Building in South Africa

St John's Cathedral (The Cathedral Church of St John the Evangelist) is the Anglican cathedral in Mthatha (King Sabata Dalindyebo Local Municipality), South Africa. It is the seat of the Bishop of the Anglican Diocese of Mthatha.

==History==
In 1897, at the behest of Bishop Bransby Key, a committee was struck, and resolved to find a site for a new cathedral. The diocese, then the Diocese of St John’s, had been the recipient of part of the Marriott Bequest, a large sum of money left to the Church of England by the wealthy Yorkshire mill owner Alfred Marriott for the "propagation of the Gospel in Foreign Parts".

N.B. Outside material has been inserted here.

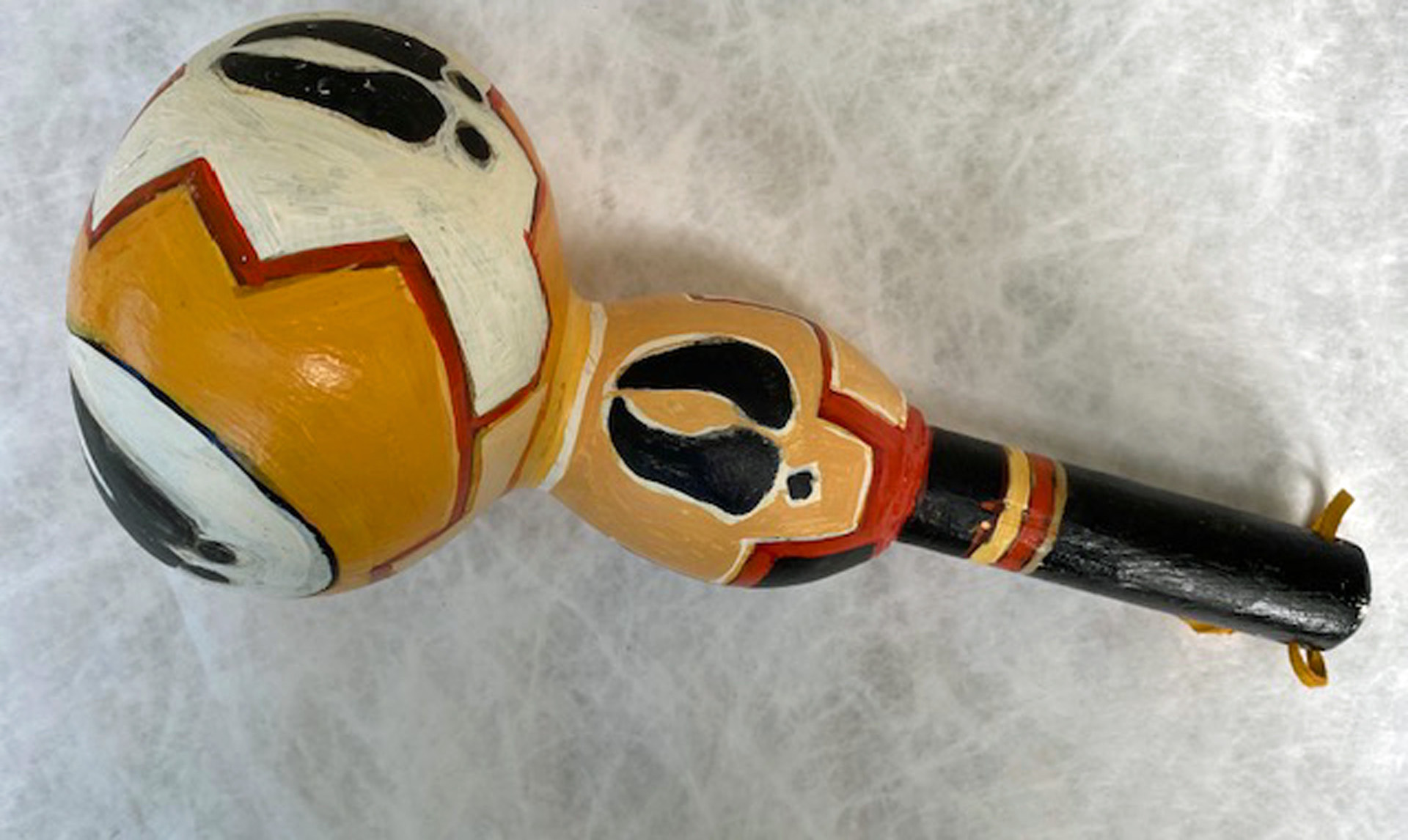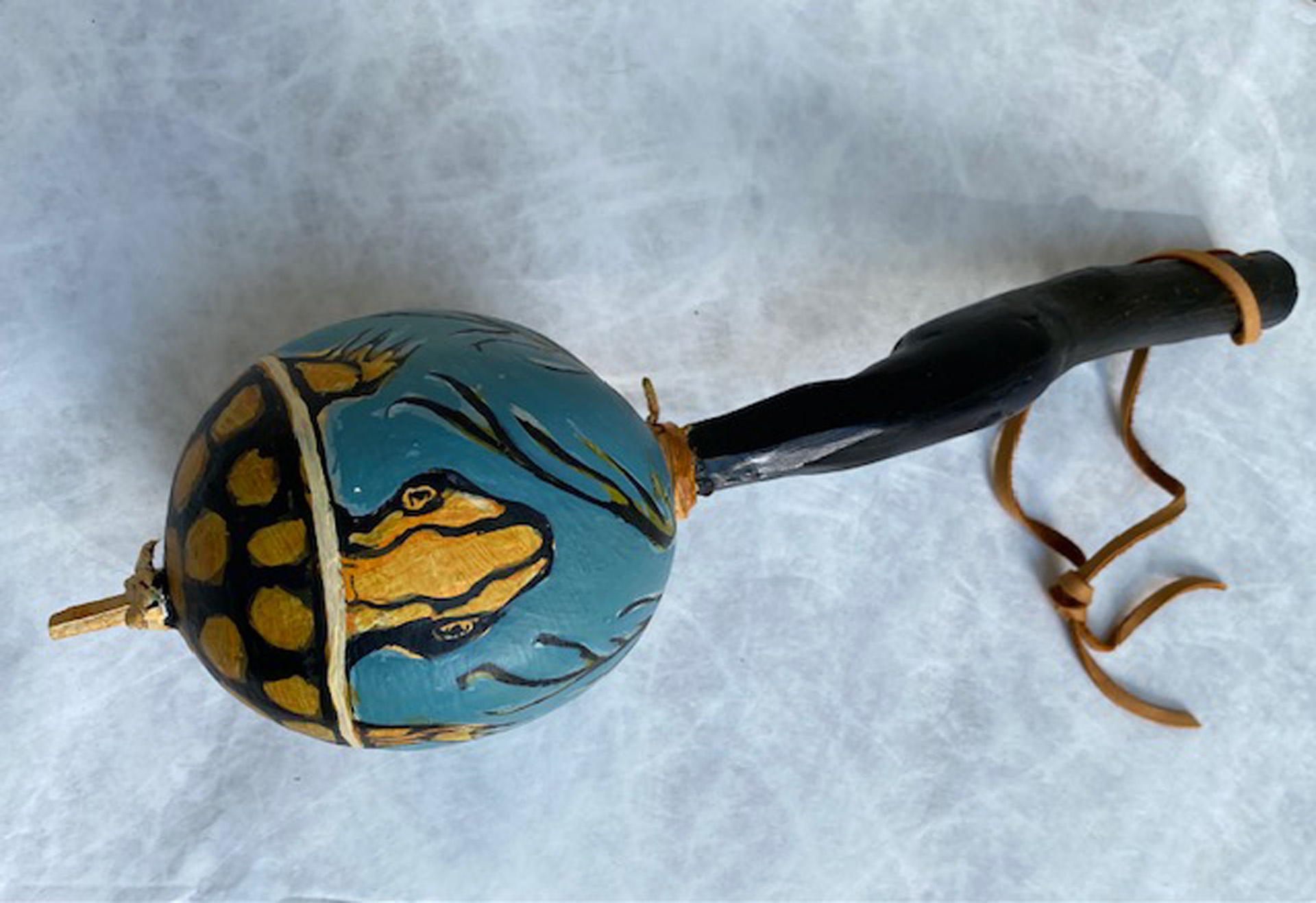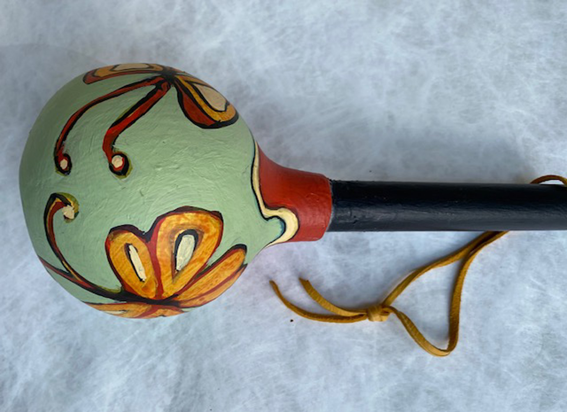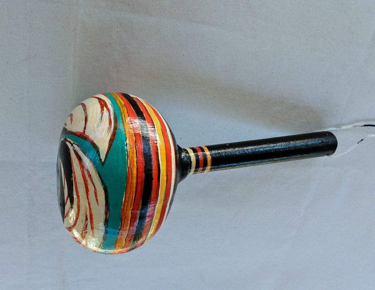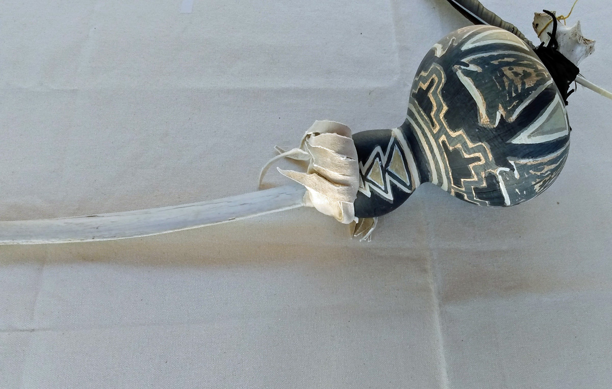Several years ago, I started my own gourd gardens, planting the seeds, harvesting the gourds and making them into rattles. I clean and prepare them — removing the seeds, bleaching the exterior to remove any mold, painting a gesso primer on the surface and inserting a dowel handle (or sometimes a buffalo bone or interesting stick). My wife and I create designs on the gourd’s surface and she finishes them with acrylic paint and varnish.

The committee, which included local clergymen and church officers, and representatives from the several parishes within the diocese, resolved to hire the English ecclesiastic architect George Fellowes Prynne, known for building grand churches, to prepare the plans for a 400-seat church, for which £5,000 was budgeted. The committee also hired a Scotsman named George Home as Clerk of Works. Home arrived in the summer of 1899 but, as Prynne's plans had yet to be received, Home was put to work building the girls' school St Cuthbert's Mission in nearby Tsolo.

In 1900, the Bishop traveled to England and met with Prynne. He saw the plans for the church and reported that it was doubtful that they could be carried out. Prynne had designed an impressive cathedral, a cruciform with a 36' x 147' nave, divided into 7 bays, and a 30' x 67' chancel, with the north and south transepts accommodating 189 and 146 people respectively. In 1901, the plans for the eastern portion of the cathedral were received and it was found that they were of such an elaborate nature that construction of the eastern portion alone would cost £30,000.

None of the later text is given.